Supplied material below:
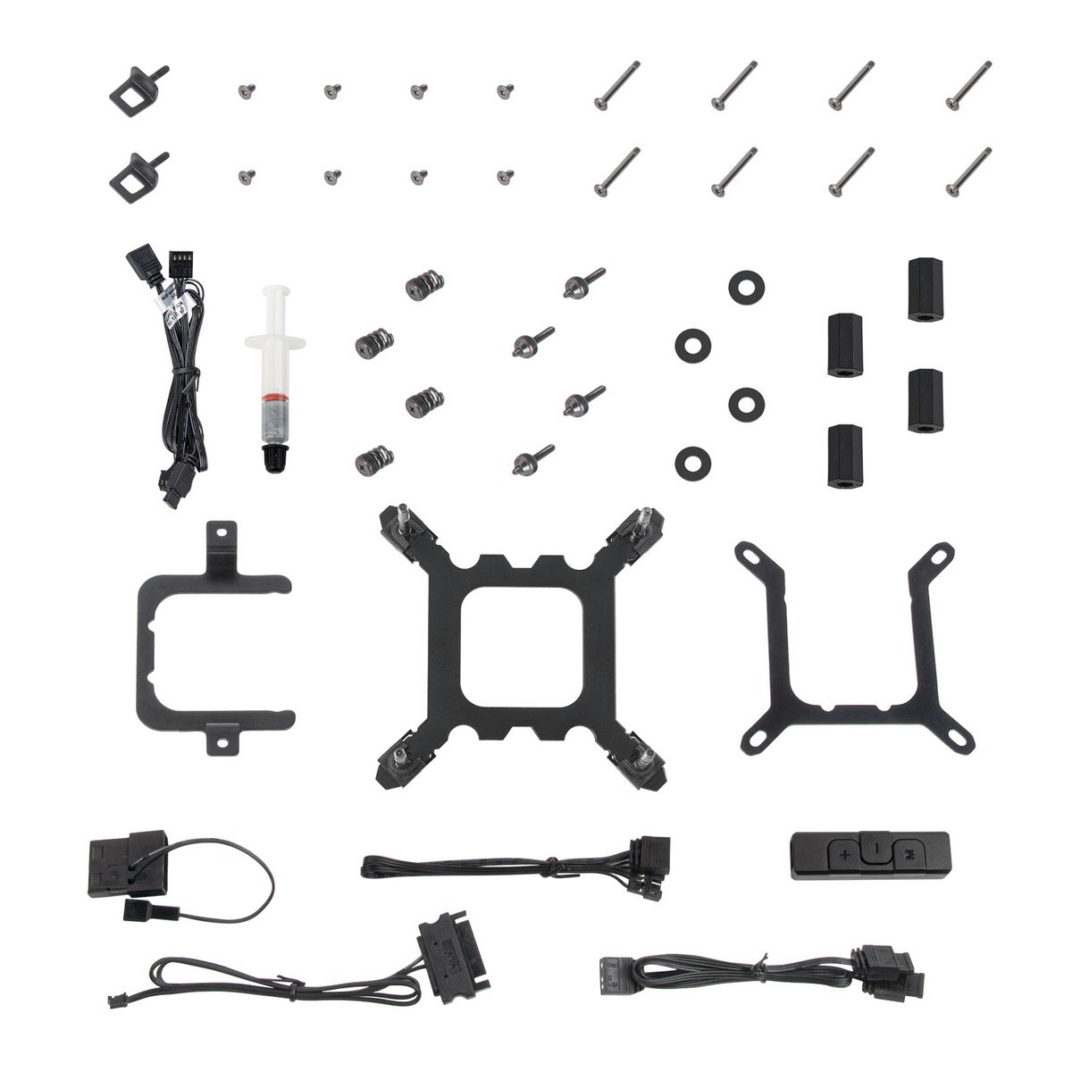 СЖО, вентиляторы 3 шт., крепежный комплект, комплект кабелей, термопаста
End of Supplied material.
Supplied material below:
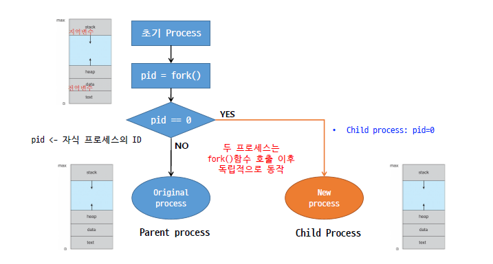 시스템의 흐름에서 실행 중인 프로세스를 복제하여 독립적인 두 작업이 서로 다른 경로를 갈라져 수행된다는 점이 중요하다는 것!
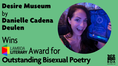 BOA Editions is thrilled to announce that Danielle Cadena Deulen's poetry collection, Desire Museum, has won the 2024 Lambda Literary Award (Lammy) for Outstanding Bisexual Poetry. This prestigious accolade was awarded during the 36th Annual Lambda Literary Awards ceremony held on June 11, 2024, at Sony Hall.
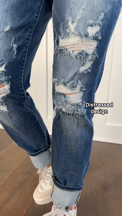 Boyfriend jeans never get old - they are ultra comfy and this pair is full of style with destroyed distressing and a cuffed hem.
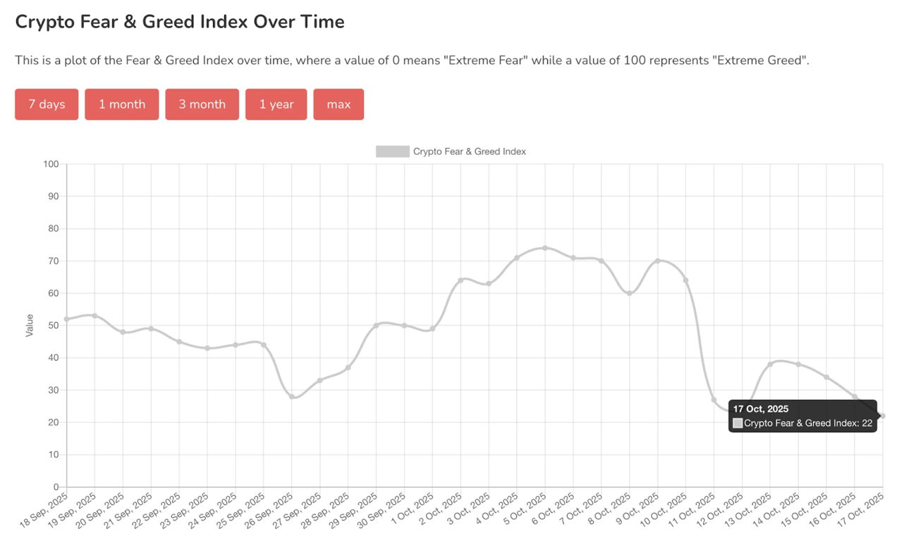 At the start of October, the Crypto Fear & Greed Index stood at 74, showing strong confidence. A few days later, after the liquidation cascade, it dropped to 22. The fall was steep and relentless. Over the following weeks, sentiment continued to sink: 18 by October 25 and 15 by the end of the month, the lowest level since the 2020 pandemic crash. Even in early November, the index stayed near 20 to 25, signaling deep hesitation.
End of Supplied material.
How to complete this task:
In the entries above, find the line with "BOA Editions is" and the line with "At the start". Write out exactly those two lines and every line between them, pictures excluded.

Output below:
 BOA Editions is thrilled to announce that Danielle Cadena Deulen's poetry collection, Desire Museum, has won the 2024 Lambda Literary Award (Lammy) for Outstanding Bisexual Poetry. This prestigious accolade was awarded during the 36th Annual Lambda Literary Awards ceremony held on June 11, 2024, at Sony Hall.
 Boyfriend jeans never get old - they are ultra comfy and this pair is full of style with destroyed distressing and a cuffed hem.
 At the start of October, the Crypto Fear & Greed Index stood at 74, showing strong confidence. A few days later, after the liquidation cascade, it dropped to 22. The fall was steep and relentless. Over the following weeks, sentiment continued to sink: 18 by October 25 and 15 by the end of the month, the lowest level since the 2020 pandemic crash. Even in early November, the index stayed near 20 to 25, signaling deep hesitation.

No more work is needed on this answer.